洗顔料OEMインサイト

洗顔料のオリジナルブランド立ち上げを目指す方向けに、OEMメーカーの選び方、費用相場、種類別の処方設計、最新トレンドまで網羅的に解説する専門メディアです。

洗顔料のOEM製造で自社ブランドを展開する基礎知識

洗顔料は、スキンケアのなかでも「毎日必ず使う」「消費サイクルが早い」「価格帯を自由に設計できる」という三拍子が揃った、オリジナルブランドの第一弾として非常に扱いやすいアイテムです。
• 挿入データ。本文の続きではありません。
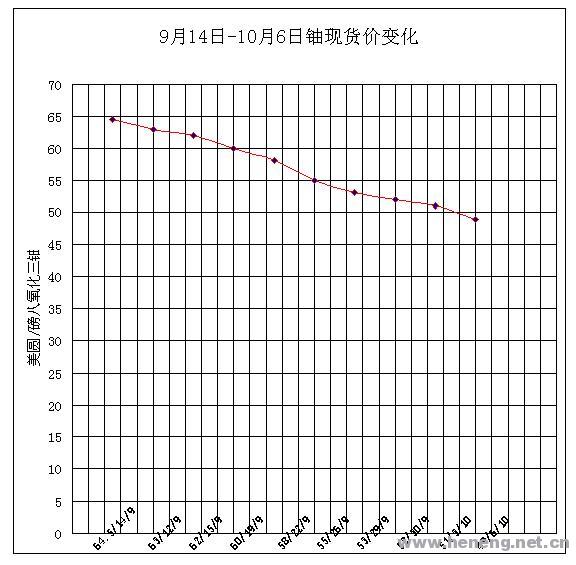 1.国际铀现货价跌穿50美元大关,10月6日报收于每磅八氧化三铀49美元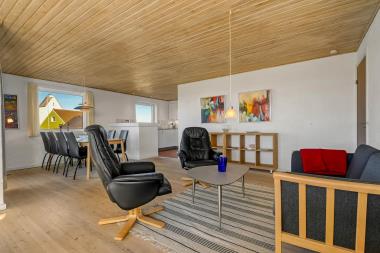 Efter at have hentet nøglen på kontoret i Vrist starter en smuk tur af små snoede veje til Bovbjerg. Allerede på lang afstand tårner Bovbjerg Fyr sig op. I det smukke, bakkede landskab er man ikke i tvivl om, at man nærmer sig noget unikt. Parker bilen i carporten og start udpakningen. En dejlig entré byder velkommen, og allerede her er man ikke i tvivl om, at dette hus og dens beliggenhed er noget ganske særligt. Huset er 150 m2 og har 4 store soveværelse (1DS, 1DS, 1DS, 2ES) med god skabsplads i alle soverum. 2 af soverummene har udsigt til Vesterhavet. Træd ind i den hyggelige opholdsstue som er udstyret med helt nye, moderne møbler. Der er masser af siddepladser i de flotte lædermøbler, smart-TV, som har indbygget danske og tyske Tv-programmer, radio og mulighed for streamings tjenester, et flot spisebord med siddepladser til alle og den unikke panoramaudsigt til Vesterhavet fuldender oplevelsen. En varmepumpe søger for, at alle kan holde varmen på alle årstider til en billig pris. Åbent, godt udstyret køkkenhjørne med alt i hvidevarer, opvaskemaskine, mikroovn, komfur med keramiske kogeplader og køleskab med fryseboks. Nyd et glas rødvin når der laves mad i dette nye køkken. Huset har praktiske trægulve i såvel opholdsrum som soverum. Stort badeværelse md gulvvarme, toilet, håndvask, bruseniche og 2-personers spabad. Ekstra badeværelse med gulvvarme, toilet, håndvask og bruser. Baggang med vaskemaskine, tørretumbler og ekstra bordplads. Ikke ryger hus. Max 1. husdyr er tilladt. Har man en el-bil eller hybrid så findes der et CEE-ladestik ved huset.

一方で、水分を多く含む処方特有の衛生リスクや、剤型ごとに大きく異なる最小ロット、容器選定ひとつで数十万円動くコスト構造など、知らずに進めると足をすくわれるポイントも少なくありません。
この記事では、洗顔料のOEM製造で自社ブランドを展開するために必要な知識を、費用相場の内訳から剤型別の処方設計、開発フロー、メーカーの見極め方、そして最新の市場トレンドを踏まえたコンセプト設計まで、実務目線で一気通貫に整理します。個人事業主やスタートアップが500個規模から始める現実的な進め方にも踏み込みます。


洗顔料OEMとは何か|ODM・自社製造との違いを整理する


洗顔料OEMとは、化粧品製造の許可と設備を持つ受託製造会社に、自社ブランド名の洗顔料を製造してもらう仕組みのことです。ブランド側は企画・販売・マーケティングに集中し、処方開発・製造・品質管理・薬事対応といった専門領域を委託できます。


自社で工場を持って洗顔料を作ろうとすると、製造設備の投資に加えて化粧品製造業許可の取得、GMPに準じた品質管理体制の構築、処方研究の人材確保が必要になり、製品化までに1〜2年かかることも珍しくありません。これに対しOEMを活用すれば、既存処方をベースにするケースで半年程度、シンプルな仕様なら3〜4ヶ月で店頭に並べることも可能です。


OEM・ODM・自社製造の比較


項目OEM(受託製造)ODM(企画込み受託)自社製造
処方の起点ブランド側の企画・指示メーカー側の提案・既存処方自社研究開発
立ち上げ期間4〜8ヶ月程度3〜5ヶ月程度1〜2年
初期投資小〜中極めて大きい
差別化のしやすさ高い中程度(他社と処方が近くなる場合あり)最も高い
必要な専門知識中程度(処方の判断が必要)低め極めて高い
向いている人世界観と処方に思想がある人まずスピード重視で市場テストしたい人中長期で技術を資産化したい企業
実務上、この線引きは曖昧です。「OEM」と名乗る会社の多くが既存処方のカスタマイズ提案まで行っており、実態はODMに近いこともあります。問い合わせの段階で「ゼロから処方を組めるのか」「既存処方のアレンジが中心なのか」を確認しておくと、後の期待値ズレを防げます。

最初に押さえておきたい専門用語


用語意味
バルク容器に充填する前の化粧品の中身そのもの(液体・クリーム・粉末など)。原価の中心を占める。
石ケン素地油脂をアルカリで反応させて作る、石鹸の洗浄成分のベースとなる物質。
合成界面活性剤水と油を混ぜ合わせる働きを持ち、洗浄力や起泡力を高めるために化学的に合成された成分。
枠練り製法石鹸を型に流し込み、長時間かけて乾燥・熟成させる製法。保湿成分などを高濃度に配合できる。
機械練り製法石鹸素地を機械で練り込み、型抜きして成形する製法。大量生産に適する。
充填バルクを容器に詰める工程。容器規格が合わないと自動化できず人件費が跳ね上がる。
リカバリーコスメ肌の疲労やダメージからの回復体感・メカニズムを訴求する、近年広がっているトレンド概念。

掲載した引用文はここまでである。